The following was presented as part of a discussion of the Supreme Court’s recent rulings on affirmative action, LGBTQ+ rights, and student loans. The Court outlawed affirmative action against racism, endorsed discrimination against LGBTQ+ people, and backed bank usury on student loans.
This was on the WBAI program “Voices of Resistance,” hosted by Lucy Pagoada-Quesada and Andreia Vizeu.
When I heard about the Supreme Court decision on Affirmative Action, I was saddened but not surprised.
The decision comes amid a gradual rolling back of several laws that protect society’s most vulnerable people, including abortion rights, gun safety laws, voting rights, housing, livable wages, and health — mental and physical — as well as climate change — so many issues. But once again, the Supreme Court chose the path that will make it more difficult and miserable for the working class currently facing a huge financial crisis.
This ruling overturns a longstanding precedent that had previously benefited Black, Indigenous, Latino, and Asian students in higher education due to an apparent historic lack of opportunities for those students.

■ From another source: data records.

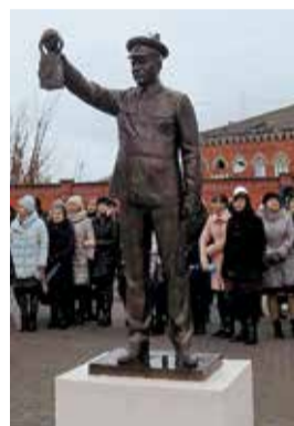
Часть мемориала – фигура стрелочника

Более двух месяцев два железнодорожника из Красноярска, перецепляясь от локомотива к локомотиву, в «окнах» интенсивного дорожного движения тянули экспонат от Красноярска до Сасово. Почти 4000 километров пути, неделя за неделей, они жили в паровозном тендере. Заросли бородами, их лица по-
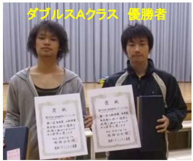
ダブルスAクラス 優勝者

11月7日(日)第25回越路地域市民バレーボール大会が越路体育館にて、また第42回越路地域市民バドミントン大会が越路西小学校にて行われました。
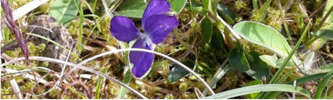
Hundevioli i Tversted Klit.
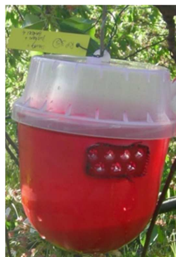
Trappola per Drosophila suzukii (Biobest)

The Court’s decision that considering race as a specific factor in admissions violates the Equal Protection Clause.
Why is race the only factor being scapegoated? There are many forms of admission preferences for affirmative action, such as athlete scholarships, legacy, and donor admissions.
A study published in the National Bureau of Economic Research found that 43% of white students admitted to Harvard University were recruited ALDC’s, shorthand for athletic recruits, legacies (relatives of Harvard Alumni), children of faculty and staff — applicants whose parents or relatives have donated to Harvard.
The study found that 75% of the white students admitted from those categories would have been rejected if they had been treated as white non-ALDCs.
In June 2022, the Supreme Court overturned Roe v. Wade — declaring that the constitutional right to abortion, upheld for nearly 49 years, no longer exists.
In August 2022, Biden announced a student loan forgiveness plan. However, this plan was officially ruled out by the Supreme Court in June 2023.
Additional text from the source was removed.